My attempt at specifying a homeomorphism is as follows.
Let $(X,\tau), (X\times[0,1]/\sim, \tau')$ and $(X\times[0,1),\tau'')$ be topological spaces. Let p be the equivalence class of $X\times\{1\}$ in $X\times[0,1]/\sim$. Let $\pi$ be the quotient map from $X \times [0,1]$ to $(X\times[0,1]/\sim, \tau')$.
Let $(\chi^+,\tau''^+)$ be the one-point compactification of $X\times[0,1)$, i.e. $\chi^+ := (X\times[0,1))\cup\{\infty\}$.
Let $f: (X\times[0,1]/\sim, \tau') \to (\chi^+,\tau''^+)$ be defined as:
$$ f(x) =
\begin{cases}
x, & \text{if $x \in X\times[0,1)$} \\
\infty, & \text{if $x =p$}
\end{cases} $$
I claim that f is the homeomorphism that we are after.
That f is bijective is easy to see. Now I want to show that f is continuous.
Let $U \in \tau''^+$. We want to show that $f^{-1}(U)$ is open. If $\{\infty\} \notin U$, then $U$ is already in $\tau'$ and we are done.

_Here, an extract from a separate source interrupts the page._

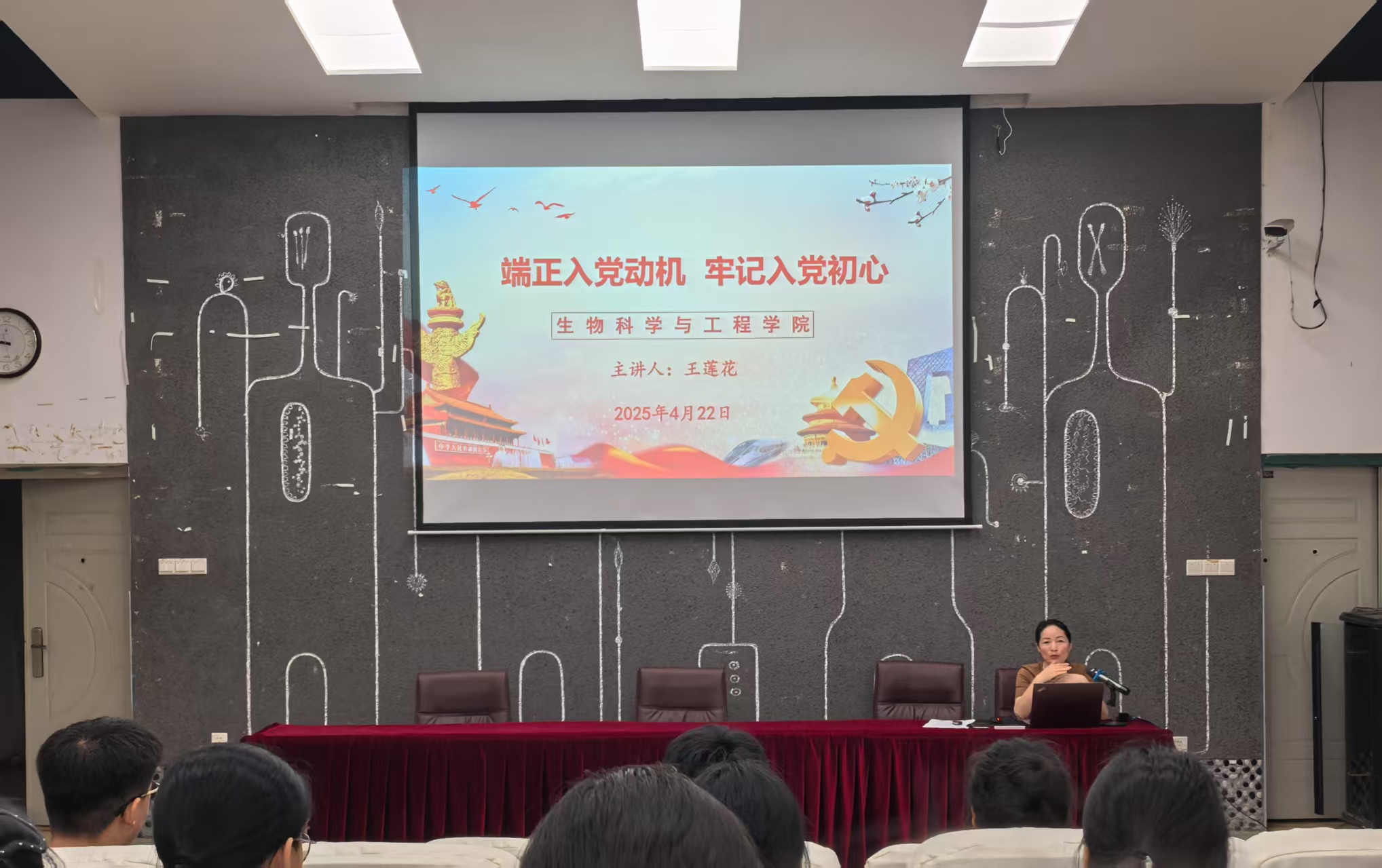 学院党委副书记王莲花以《端正入党动机,牢记入党初心》为题,为入党积极分子讲授专题党课。从中国共产党人的初心、中国共产党的奋斗历程以及牢记使命争做先锋三个方面展开,以丰富的史料、生动的案例,为学员讲了一堂生动的党课。王莲花强调,入党积极分子要坚持线上培训和线下培训相结合,不断提升自己的理论素养,切实端正入党动机,在日常学习生活中积极发挥先锋模范作用,为班级建设添砖加瓦,为学院发展贡献力量。

Otherwise, let $U = ((X\times[0,1)) \setminus C) \cup \{\infty\}$, where $C \subset X\times[0,1)$ is a closed, compact set.
We have: $f^{-1}(U) = f^{-1}(((X\times[0,1))\setminus C) \cup \{p\} = ((X\times[0,1))\setminus C) \cup \{p\} $. And so $\pi^{-1}(f^{-1}(U)) = \pi^{-1}(((X\times[0,1))\setminus C) \cup \{p\}) = ((X\times[0,1))\setminus C) \cup X\times\{1\} = X\times[0,1]\setminus C$.
Since C is closed, we have that $X\times[0,1]\setminus C$ is open in $X\times[0,1]$. So $((X\times[0,1))\setminus C) \cup \{p\}$ is open in the quotient topology of $(X\times [0,1])/\sim$, i.e. $f^{-1}(U)$ is open in $(X\times [0,1])/\sim$. This proves the continuity of f.
Before proceeding with the continuity of $f^{-1}$, I'd like to ask for others' opinion on the part above. Also, just to be sure, in $X\times [0,1]$, are we considering $[0,1]$ as a subset of $\mathbb{R}$, i.e. does it has the subspace topology induced by the usual topology on $\mathbb{R}$? If not what is the topology on $[0,1]$?
$C(X)$ minus the identified point $\{b\}$ (the identified $X \times \{1\}$ set) is just homeomorphic to $X \times [0,1)$ as $p$ restricted to that set is 1-1 and open and continuous.
Now apply the theorem that if $Y$ is compact Hausdorff and for some $y \in Y$, $Y\setminus \{y\} \simeq X$, then $Y$ is homeomorphic to the one-point compactification of $X$, and note that $C(X)$ now applies.